Write a test that reproduces the exact bug scenario:

- The test MUST **fail** before your fix, proving it catches the bug
- Name it descriptively so the bug scenario is documented in the test name
- Use realistic inputs that mirror the actual failure

Run the test and confirm it fails.

---

## Step 6: Implement the Fix (GREEN)

Fix the bug. Minimal change only.

- Do not refactor surrounding code.
- Do not add features.
- Do not "improve" unrelated things.

---

## Step 7: Verify

Run the reproduction test — it MUST pass.

Run all related tests — no regressions.

If any previously-passing test now fails, you introduced a regression. Fix it before proceeding.

---

## Step 8: Close the Test Gap

**Do not skip this step.** After the fix, answer: **why did existing tests not catch this?**

Common gaps: missing scenario, weak assertion (checked "not null" but not the value), test data that did not trigger the boundary condition, over-mocking that hid the real behavior.

Based on your analysis, add tests that prevent this **class** of bug — not just this instance. If the bug was a boundary issue, add boundary tests.
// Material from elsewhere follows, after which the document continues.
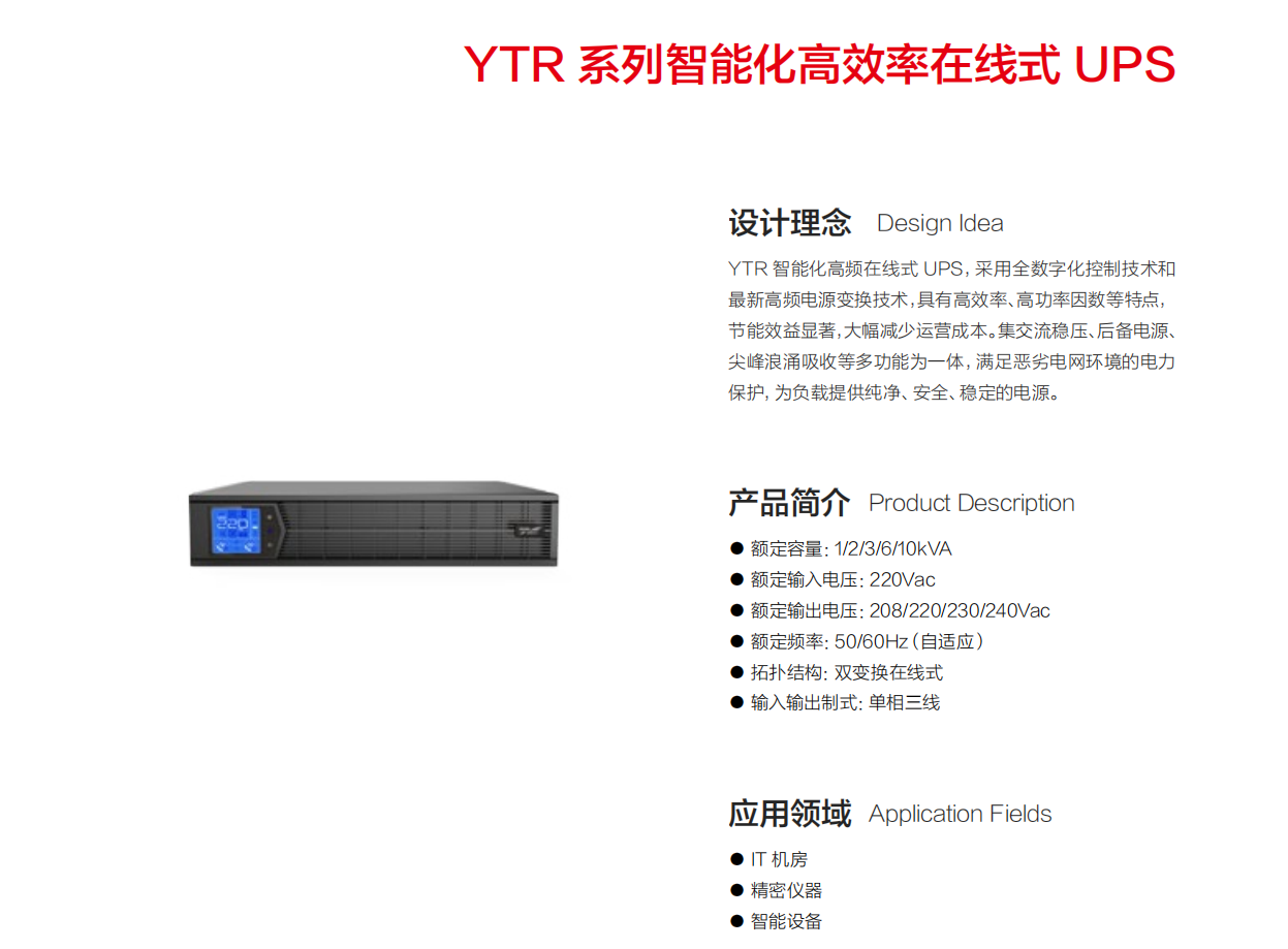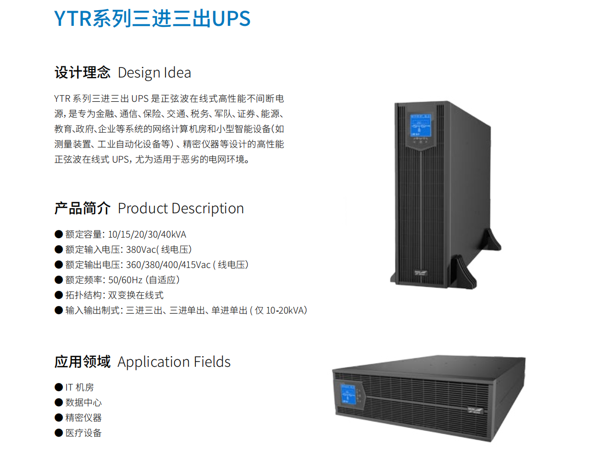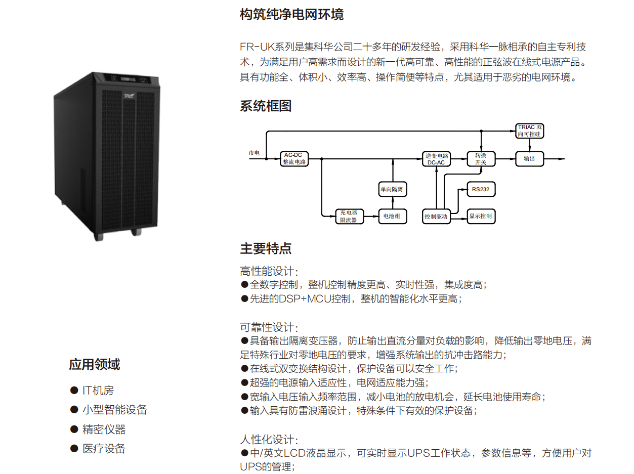 特點:智能化高頻在線式UPS電源,采用全數字化控制技術和最新高頻電源變換技術,節能效益顯著,大幅減少運營成本。

If it was a missing edge case, add edge cases for the same function.

---

## Step 9: Summary

Output a brief summary:

```
## Bug Fix

**Bug**: [description]
**Root cause**: [what was actually wrong]
**Fix**: [what was changed]
**Reproduction test**: [test name] — RED before fix, GREEN after
**Regression check**: [suite] — all passing
**Test gap**: [why tests missed it, what was added]
**Files changed**: [list]
```

---

## Important Rules

- **Never fix a bug you cannot reproduce.** If you cannot trigger it, ask for help.
- **Never implement a fix without validating your hypothesis.** Prove the root cause first.
- **Never skip the test gap analysis.** Understanding WHY tests missed it is as valuable as the fix.
- **Never finish without improving test coverage.** The same bug class should be caught next time.
- **Never fix unrelated code.** Stay focused on the bug.
- **Always show RED → GREEN proof.** The user should see the test fail before the fix and pass after.